§ **Exercise requirements**
Print the lines that start the entries and continue through the one holding "Herzbach Regenbrause Living", please, exactly and with the pictures omitted.

*** Dataset content ***

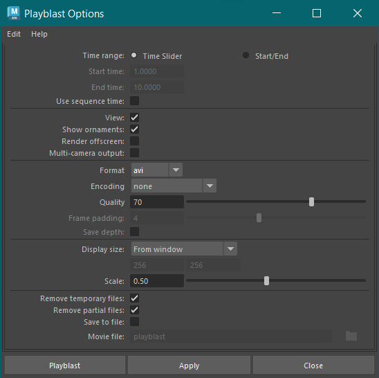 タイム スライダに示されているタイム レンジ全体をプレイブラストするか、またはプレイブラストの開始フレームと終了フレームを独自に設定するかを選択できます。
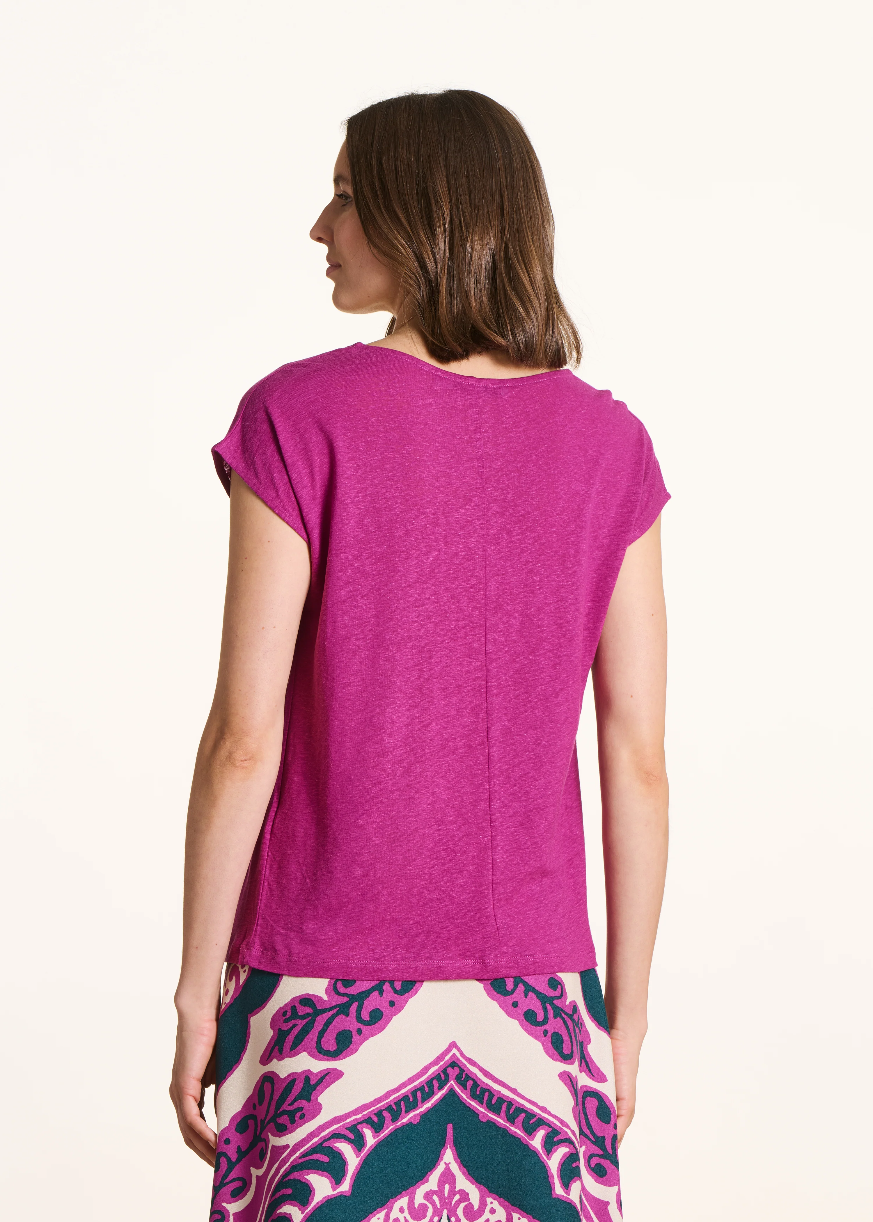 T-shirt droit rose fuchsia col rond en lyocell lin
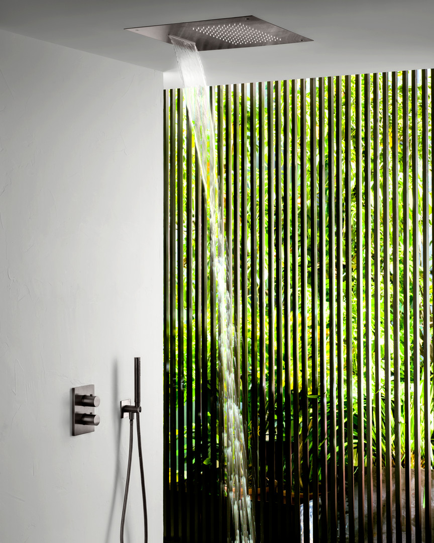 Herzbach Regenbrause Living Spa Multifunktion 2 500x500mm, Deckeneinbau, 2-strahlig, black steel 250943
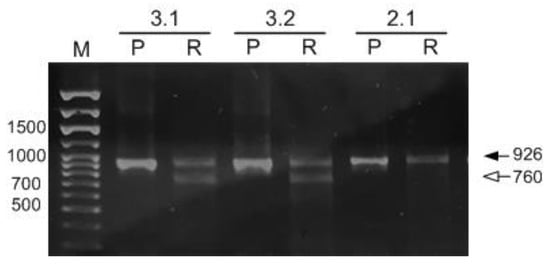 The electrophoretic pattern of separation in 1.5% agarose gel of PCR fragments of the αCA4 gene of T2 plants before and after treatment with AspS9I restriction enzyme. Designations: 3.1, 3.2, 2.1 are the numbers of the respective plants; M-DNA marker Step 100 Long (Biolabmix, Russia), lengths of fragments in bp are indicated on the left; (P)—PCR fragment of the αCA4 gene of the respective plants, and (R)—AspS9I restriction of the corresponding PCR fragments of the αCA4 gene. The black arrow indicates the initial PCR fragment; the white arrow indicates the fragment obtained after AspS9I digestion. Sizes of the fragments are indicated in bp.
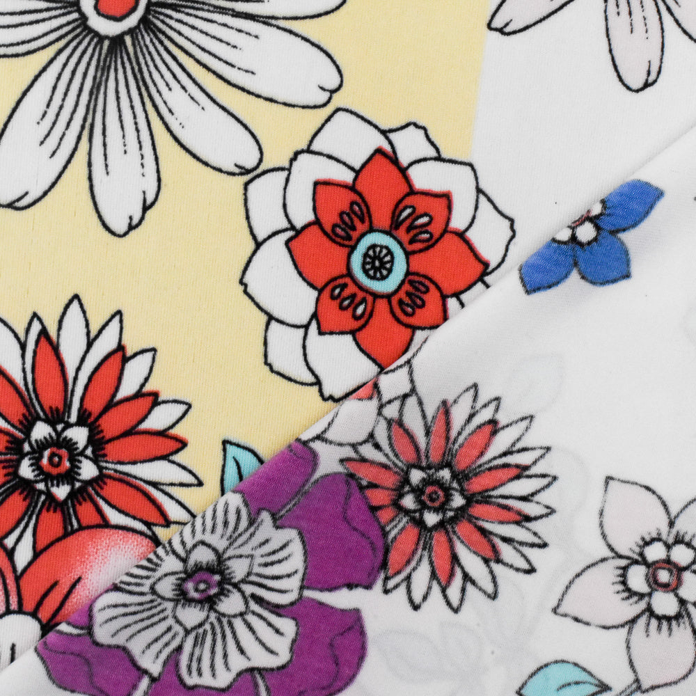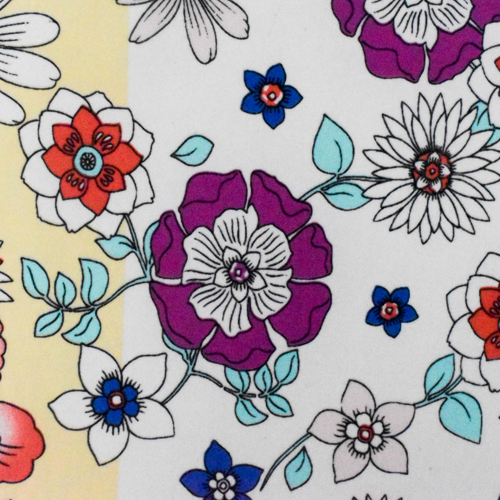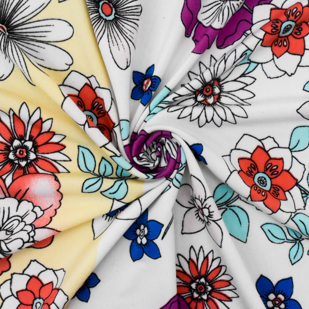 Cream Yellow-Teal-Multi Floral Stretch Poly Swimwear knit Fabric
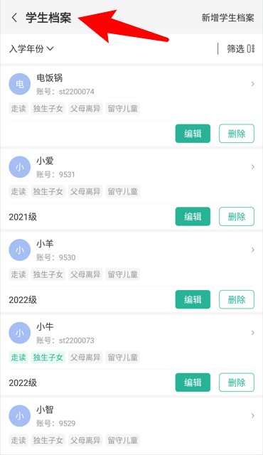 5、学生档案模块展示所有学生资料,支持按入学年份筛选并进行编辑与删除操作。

*** End of Dataset content ***

§ **Task output**
 タイム スライダに示されているタイム レンジ全体をプレイブラストするか、またはプレイブラストの開始フレームと終了フレームを独自に設定するかを選択できます。
 T-shirt droit rose fuchsia col rond en lyocell lin
 Herzbach Regenbrause Living Spa Multifunktion 2 500x500mm, Deckeneinbau, 2-strahlig, black steel 250943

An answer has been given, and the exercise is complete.